(DATASET ENTRIES):
○ ○ ○
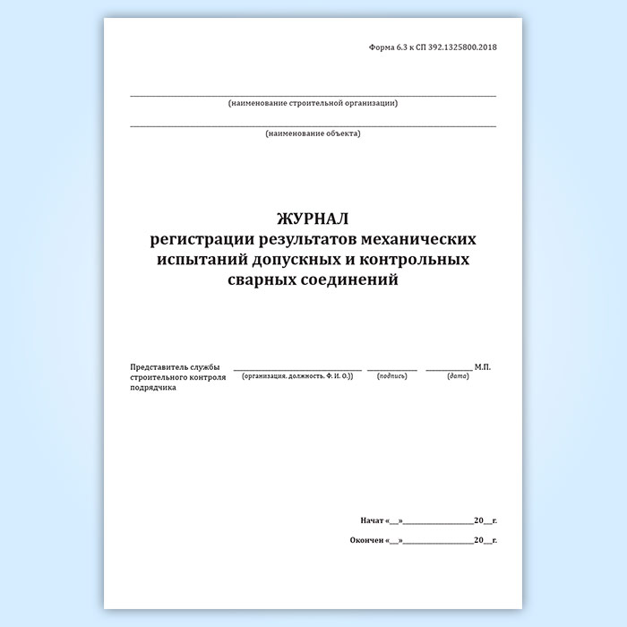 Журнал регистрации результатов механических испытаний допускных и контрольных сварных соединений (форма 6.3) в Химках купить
○ ○ ○
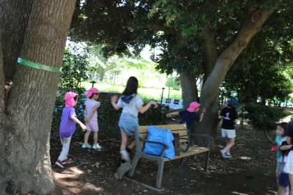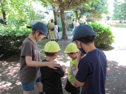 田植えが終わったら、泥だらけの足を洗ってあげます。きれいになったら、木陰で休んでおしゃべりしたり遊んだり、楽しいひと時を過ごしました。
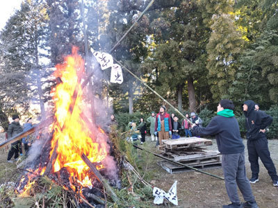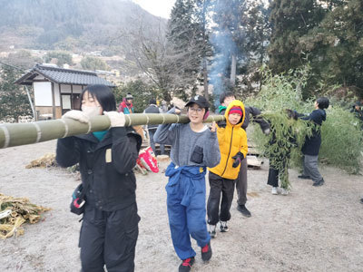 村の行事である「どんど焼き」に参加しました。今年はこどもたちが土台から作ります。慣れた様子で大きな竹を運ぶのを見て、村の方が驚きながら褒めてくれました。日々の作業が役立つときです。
○ ○ ○
(TRY IT):
Exactly the lines above from the one that contains "田植えが終わったら、泥だらけ" down to the one that contains "村の行事である「どんど焼き」" are to be output, both ends kept and pictures omitted.

(ANSWER):
 田植えが終わったら、泥だらけの足を洗ってあげます。きれいになったら、木陰で休んでおしゃべりしたり遊んだり、楽しいひと時を過ごしました。
 村の行事である「どんど焼き」に参加しました。今年はこどもたちが土台から作ります。慣れた様子で大きな竹を運ぶのを見て、村の方が驚きながら褒めてくれました。日々の作業が役立つときです。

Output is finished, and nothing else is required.